[Assignment] Copy out each entry below verbatim, skipping the images.

#### Extracted material

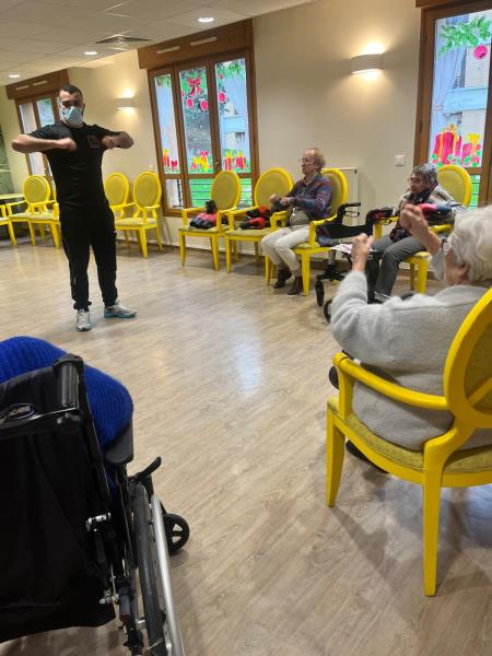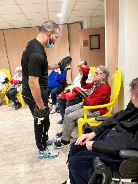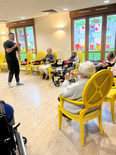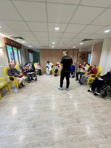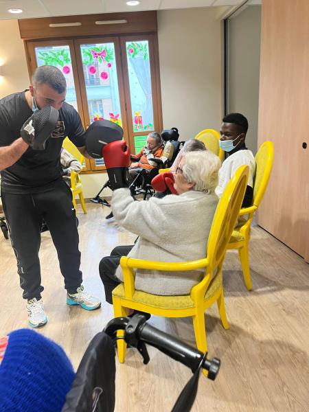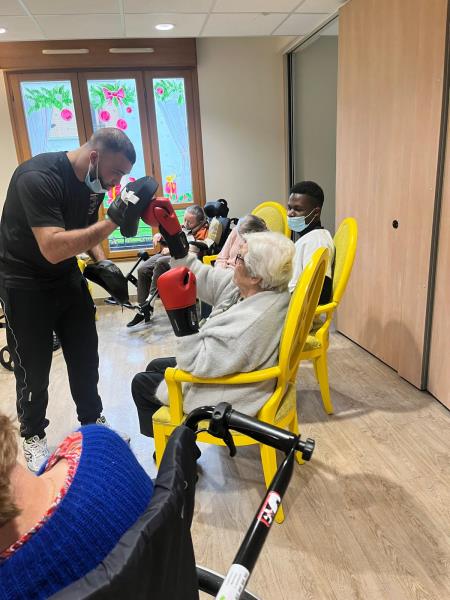 L’atelier boxe avec Riyad a été accueilli par nos résidents comme une véritable bouffée d’air, un concentré d’énergie, de jeunesse et d’enthousiasme.
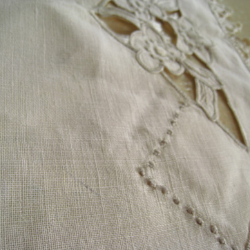ハンドメイドで、フチに凝ったコットンのボビンレース、カットワーク、フレンチノットがとても丁寧に施され、エレガントです。2.5cmほどのペンでなぞったような青い線状のヨゴレ、ごく薄い小さなシミがありますが、
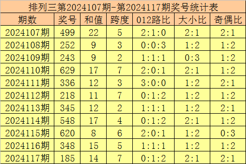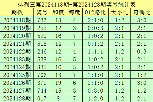 开奖回顾:排列三第2024128期奖号开出:017,组选类型:组六,大小比为1:2,奇偶比为2:1,和值为8,跨度为7。
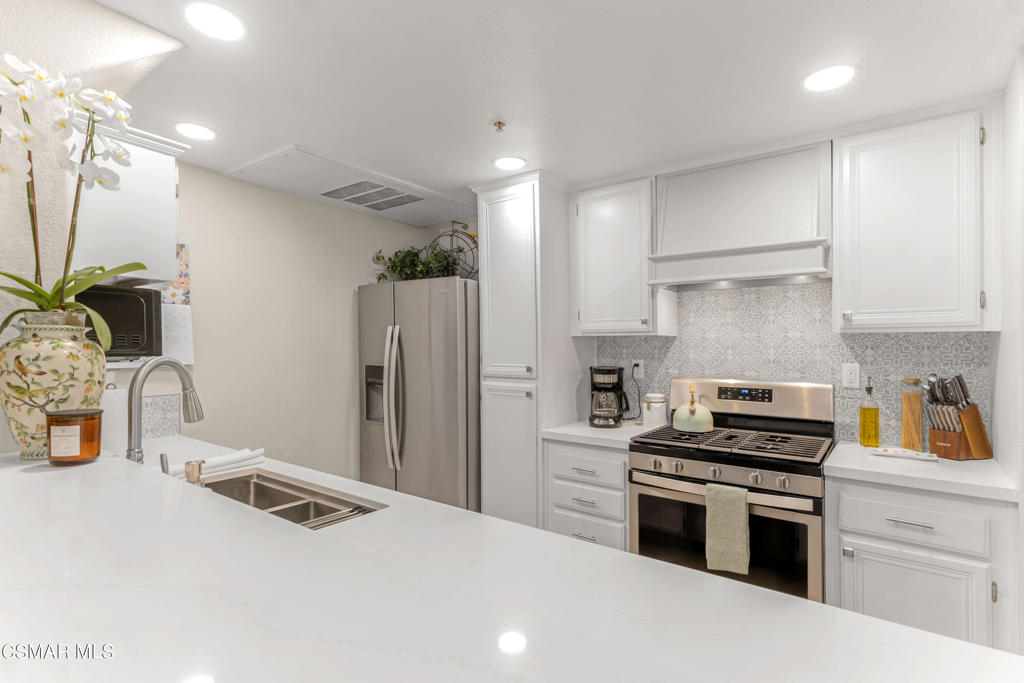 Welcome to your dream home at 5200 Premiere Hills Circle #127, nestled in the prestigious Bella Montagna complex in Woodland Hills, CA. This completely remodeled 1-bedroom, 1-bath condo offers 859 square feet of elegant living space, blending modern convenience with sophisticated style.Step inside and be greeted by the inviting ambiance of custom neutral designer paint colors. The large primary suite is a sanctuary of comfort, featuring custom built-in closet shelving. Relax in the beautifully appointed bathroom, featuring quartz countertop vanity, and a shower over tub offers the perfect retreat after a long day.The heart of this home is the stunning kitchen, designed for both functionality and style. Enjoy cooking in a space adorned with quartz countertops, a beautiful custom tile backsplash, and top-of-the-line stainless steel appliances, including an oven and gas stove. The adjacent dining area makes it easy to entertain guests or enjoy intimate meals at home.Convenience meets style with an indoor laundry space located downstairs, adding to the practicality of this charming condo. The single car garage has been creatively converted into a custom office space, perfect for those working from home or in need of a quiet retreat for projects.Living in the Bella Montagna gated community means access to an array of amenities designed to enhance your lifestyle. Take advantage of the clubhouse for gatherings, unwind by the sparkling pool, relax in the soothing spa or working out in the gym. The complex is ideally located near great shopping and restaurants, providing endless opportunities for dining and entertainment.Positioned near a beautiful park, this premier location offers the best of Woodland Hills living. Don't miss the chance to make this exceptional condo your new home. Experience the perfect blend of luxury and convenience in the heart of Bella Montagna. Nearby restaurants and grocery stores make it super convenient.
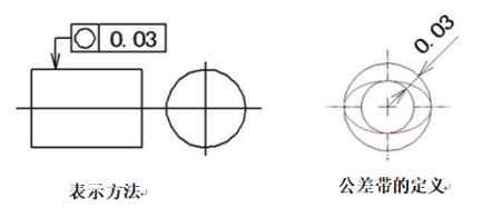 示例:公差帶必須在同一正截面上,半徑差為公差值0.03mm的兩個(gè)同心圓之間的區(qū)域。
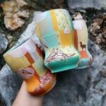 - wheel-thrown vessels decorated with vinyl and paper resists, hand painted layers of speedball underglaze, incising and slip trailing
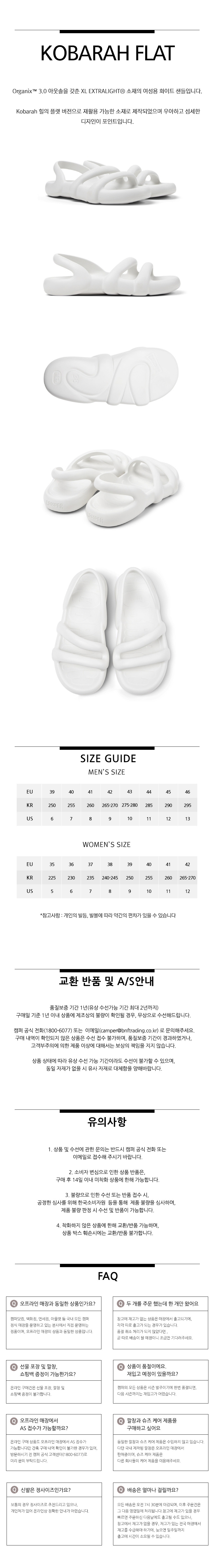 캠퍼 여성 코바라 플랫슈즈 샌들 화이트
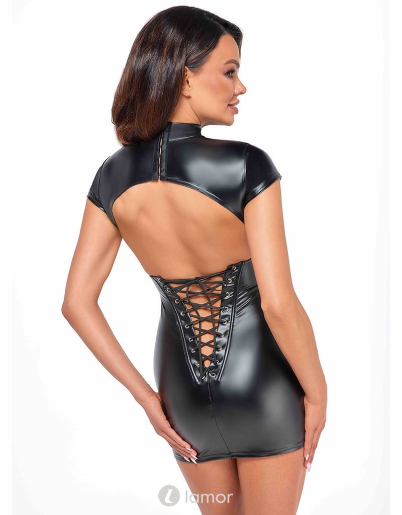 Wetlook mini jurk met blote rug Noir Handmade uit de collectie Libido
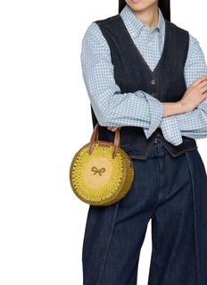 This charming circular crossbody showcases Anya Hindmarch's artisanal craftsmanship with intricate hand-crocheted detailing in concentric patterns and signature bow motif. The compact silhouette features dual leather top handles, a detachable adjustable strap, and contrast stitching for versatile styling. A perfectly proportioned piece that adds whimsical sophistication to day-to-night looks.
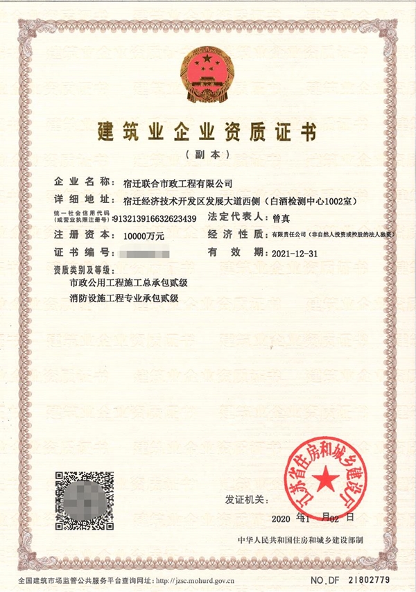 近日,宿遷聯(lián)合市政工程有限公司成功取得了新一期安全生產(chǎn)許可證,標(biāo)志著公司市政公用工程資質(zhì)證書延續(xù)換證工作圓滿完成。
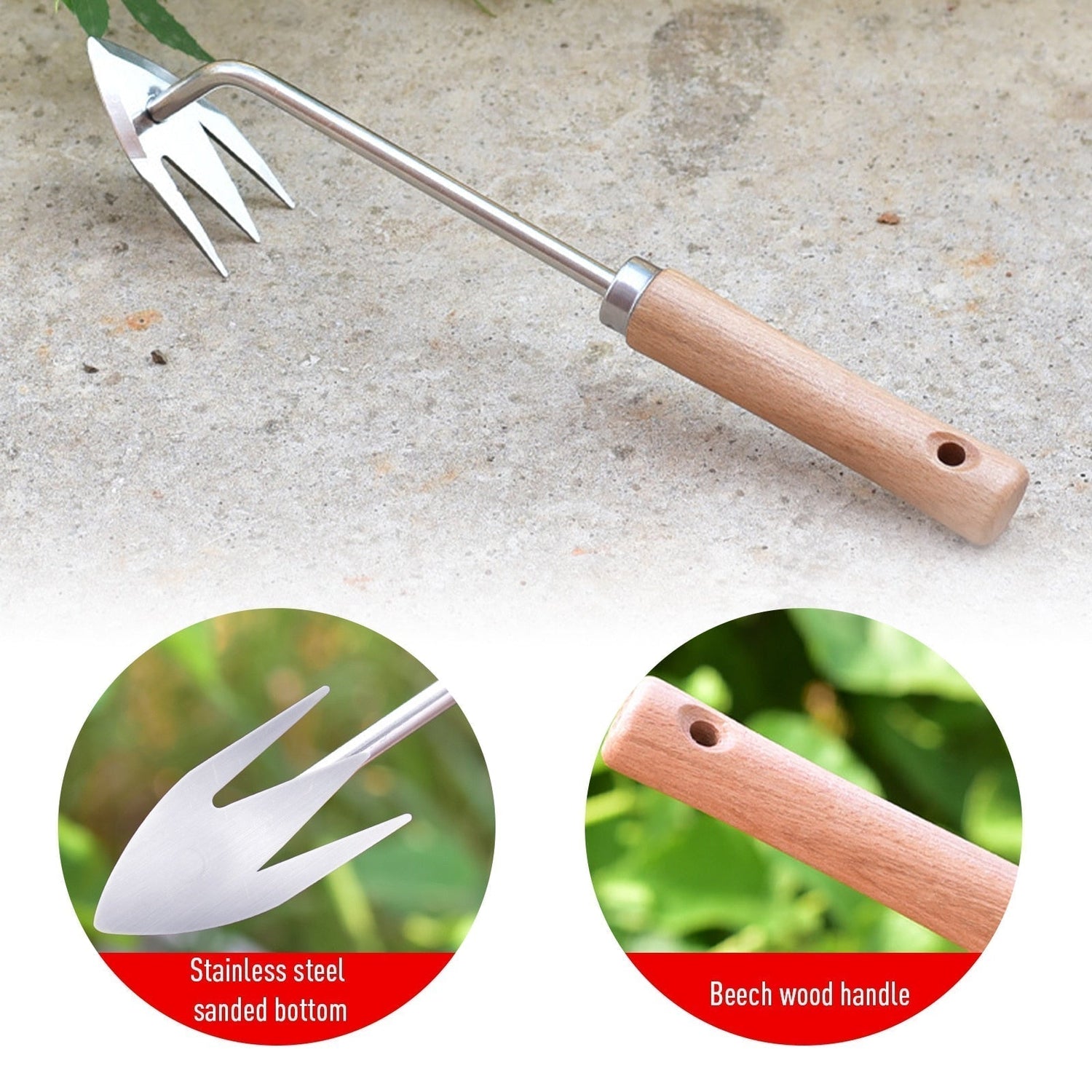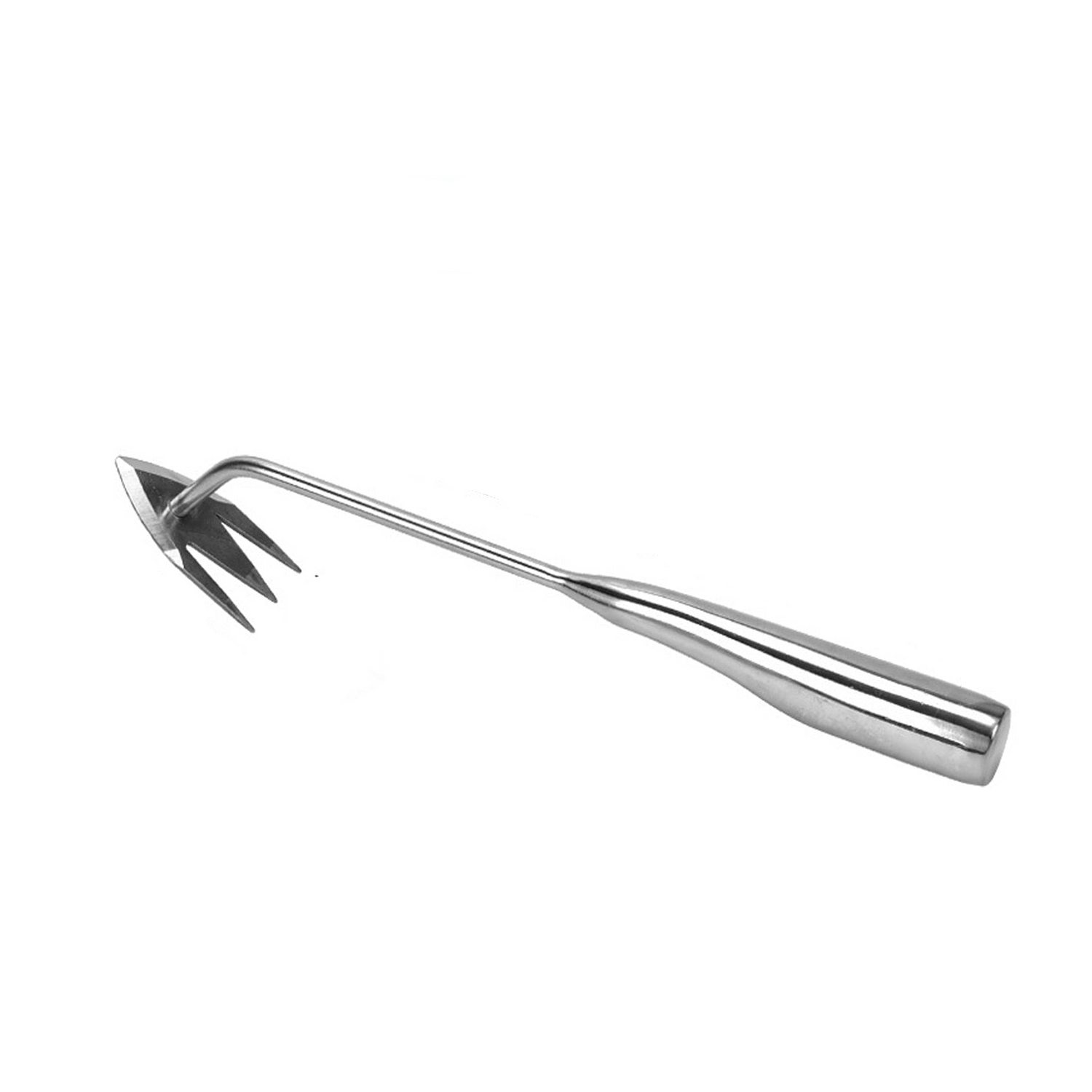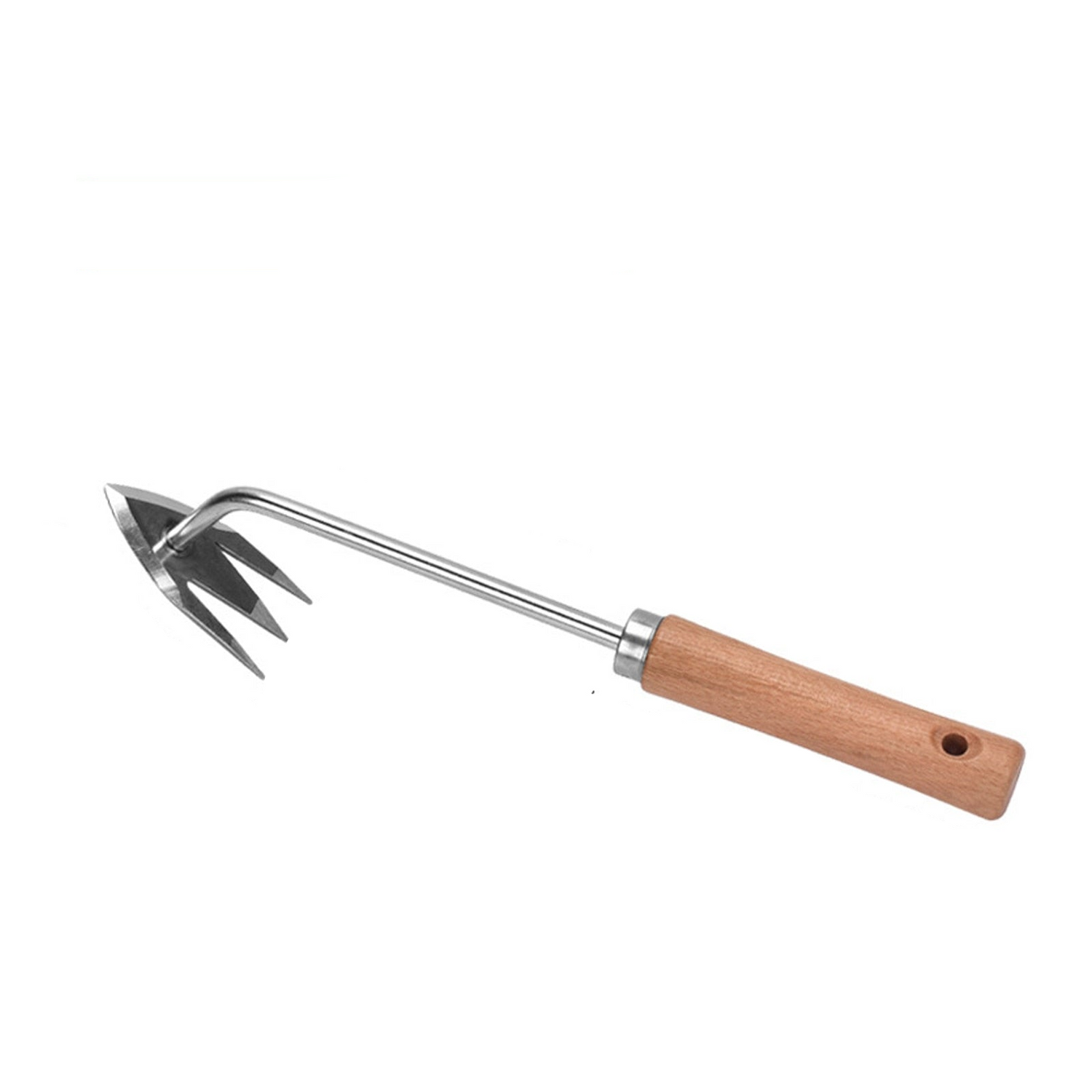 Med sin hävstångsbas och starka V-formade gaffeltopp är det enkelt att använda vårt verktyg. Placera helt enkelt den böjda metallbasen på marken och gräv runt rötterna för att dra och ta bort ogräs. Den vassa gaffeltoppen är praktisk för att gräva, bända och ta bort rötter, stjälkar och löv.

########

[Final answer]
 L’atelier boxe avec Riyad a été accueilli par nos résidents comme une véritable bouffée d’air, un concentré d’énergie, de jeunesse et d’enthousiasme.
ハンドメイドで、フチに凝ったコットンのボビンレース、カットワーク、フレンチノットがとても丁寧に施され、エレガントです。2.5cmほどのペンでなぞったような青い線状のヨゴレ、ごく薄い小さなシミがありますが、
 开奖回顾:排列三第2024128期奖号开出:017,组选类型:组六,大小比为1:2,奇偶比为2:1,和值为8,跨度为7。
 Welcome to your dream home at 5200 Premiere Hills Circle #127, nestled in the prestigious Bella Montagna complex in Woodland Hills, CA. This completely remodeled 1-bedroom, 1-bath condo offers 859 square feet of elegant living space, blending modern convenience with sophisticated style.Step inside and be greeted by the inviting ambiance of custom neutral designer paint colors. The large primary suite is a sanctuary of comfort, featuring custom built-in closet shelving. Relax in the beautifully appointed bathroom, featuring quartz countertop vanity, and a shower over tub offers the perfect retreat after a long day.The heart of this home is the stunning kitchen, designed for both functionality and style. Enjoy cooking in a space adorned with quartz countertops, a beautiful custom tile backsplash, and top-of-the-line stainless steel appliances, including an oven and gas stove. The adjacent dining area makes it easy to entertain guests or enjoy intimate meals at home.Convenience meets style with an indoor laundry space located downstairs, adding to the practicality of this charming condo. The single car garage has been creatively converted into a custom office space, perfect for those working from home or in need of a quiet retreat for projects.Living in the Bella Montagna gated community means access to an array of amenities designed to enhance your lifestyle. Take advantage of the clubhouse for gatherings, unwind by the sparkling pool, relax in the soothing spa or working out in the gym. The complex is ideally located near great shopping and restaurants, providing endless opportunities for dining and entertainment.Positioned near a beautiful park, this premier location offers the best of Woodland Hills living. Don't miss the chance to make this exceptional condo your new home. Experience the perfect blend of luxury and convenience in the heart of Bella Montagna. Nearby restaurants and grocery stores make it super convenient.
 示例:公差帶必須在同一正截面上,半徑差為公差值0.03mm的兩個(gè)同心圓之間的區(qū)域。
 - wheel-thrown vessels decorated with vinyl and paper resists, hand painted layers of speedball underglaze, incising and slip trailing
 캠퍼 여성 코바라 플랫슈즈 샌들 화이트
 Wetlook mini jurk met blote rug Noir Handmade uit de collectie Libido
 This charming circular crossbody showcases Anya Hindmarch's artisanal craftsmanship with intricate hand-crocheted detailing in concentric patterns and signature bow motif. The compact silhouette features dual leather top handles, a detachable adjustable strap, and contrast stitching for versatile styling. A perfectly proportioned piece that adds whimsical sophistication to day-to-night looks.
 近日,宿遷聯(lián)合市政工程有限公司成功取得了新一期安全生產(chǎn)許可證,標(biāo)志著公司市政公用工程資質(zhì)證書延續(xù)換證工作圓滿完成。
 Med sin hävstångsbas och starka V-formade gaffeltopp är det enkelt att använda vårt verktyg. Placera helt enkelt den böjda metallbasen på marken och gräv runt rötterna för att dra och ta bort ogräs. Den vassa gaffeltoppen är praktisk för att gräva, bända och ta bort rötter, stjälkar och löv.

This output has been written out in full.